Brand Erspo Unggah Permintaan Maaf Usai Kontroversi Gandeng Azizah Salsha di JFW 2026
Brand Erspo Unggah Permintaan Maaf Usai Kontroversi Gandeng Azizah Salsha di JFW 2026

ISPtimes.com – Brand olahraga lokal Erspo mendapat sorotan tajam dan kritikan luas dari warganet setelah memilih Azizah Salsha sebagai salah satu muse model mereka dalam acara Jakarta Fashion Week 2026.

Pemilihan Azizah, yang tengah menjadi perbincangan publik setelah digugat cerai oleh Pratama Arhan pada bulan September 2025, mendapat respons negatif yang cukup besar hingga ada seruan untuk memboikot brand tersebut.

Bacaan Lainnya

Warganet meminta agar Erspo menerapkan cancel culture terhadap Azizah Salsha. Mereka menilai Azizah tidak pantas dijadikan contoh talet atau muse bagi masyarakat.

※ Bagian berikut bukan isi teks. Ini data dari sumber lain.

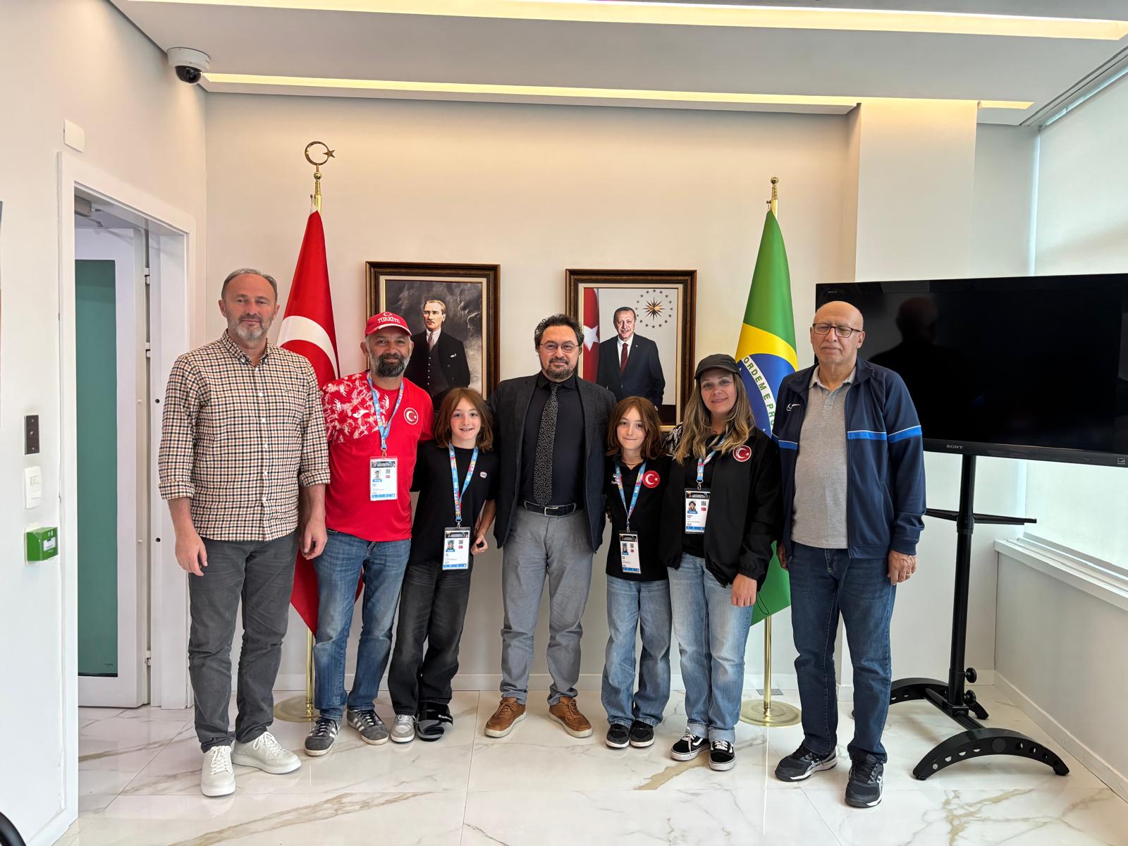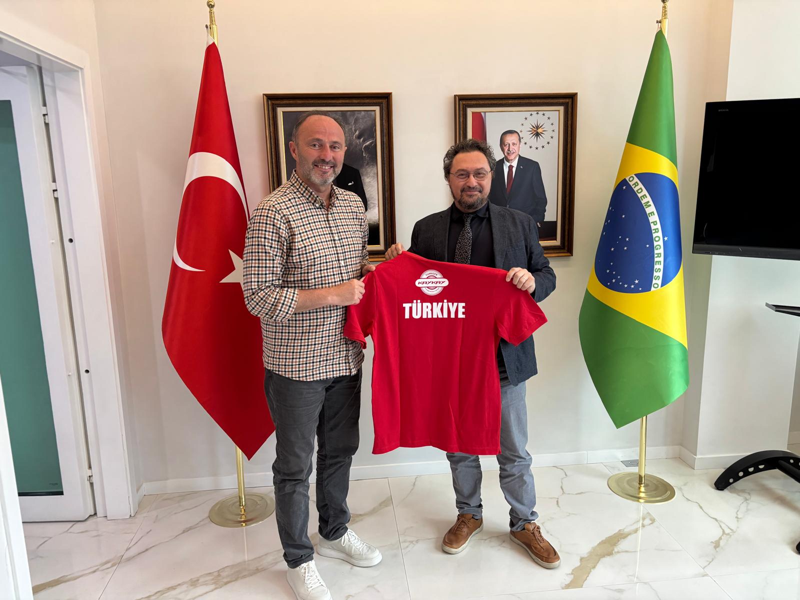 Dünya Şampiyonası için Brezilya’nın São Paulo kentinde bulunan Türkiye Kaykay Federasyonu Genel Sekreteri Mustafa Elduran ve Asbaşkan Mustafa Yasin Taş, milli sporcularımız Ege Tok ve Efe Tok’un yarışma süreci kapsamında Türkiye Cumhuriyeti São Paulo Başkonsolosu Sayın Özgür Uludüz’e ziyarette bulundu.

Di acara JFW 2026, Azizah tampil memperkenalkan koleksi pakaian olahraga padel dari Erspo dengan gaya yang tetap sporty dan stylish. Ia memakai crop tank top putih yang dipadukan dengan rok mini berwarna hijau toska yang menonjolkan citra sporty dari koleksi terbaru Erspo.

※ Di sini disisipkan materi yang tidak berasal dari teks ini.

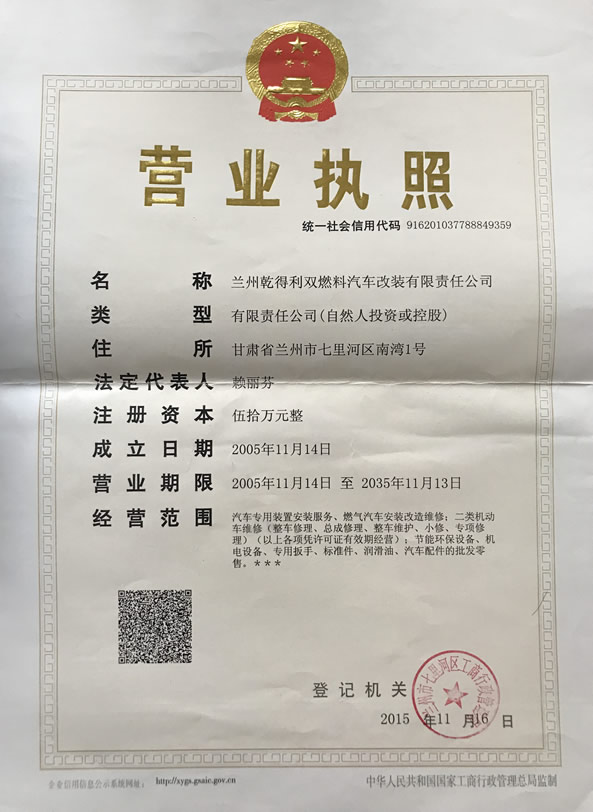 蘭州乾得利雙燃料汽車改裝有限責任公司 電話:0931-2344726 13919176564

Namun, warganet justru menyoroti pemilihan Azizah sebagai muse dan mempertanyakan alasan brand tersebut memilih sosok yang sedang dalam sorotan masalah pribadi dan hubungan asmara yang juga menjadi bahan pergunjingan publik.

Kontroversi menjadi lebih panas ketika host siaran langsung Erspo di platform TikTok membuat pernyataan yang dianggap provokatif dengan mengatakan, “Komentar kalian tidak mematikan rezeki kami.”

Pernyataan ini dianggap memperburuk situasi dan menimbulkan kemarahan publik, sehingga video siaran langsung dan beberapa potongan yang mencakup perkataan tersebut langsung dihapus oleh pihak Erspo.

Menyikapi gelombangan kritik dan kontroversi yang terus berlanjut, Erspo akhirnya memberikan pernyataan resmi melalui akun TikTok @erspo.official pada 8 November 2025.

Dalam pernyataannya, mereka meminta maaf secara tulus atas keterlibatan beberapa talent dalam acara JFW, termasuk Azizah Salsha.

Erspo mengakui pengalaman ini menjadi pelajaran berharga untuk lebih memperketat proses seleksi talent di masa depan agar lebih hati-hati dan bertanggung jawab.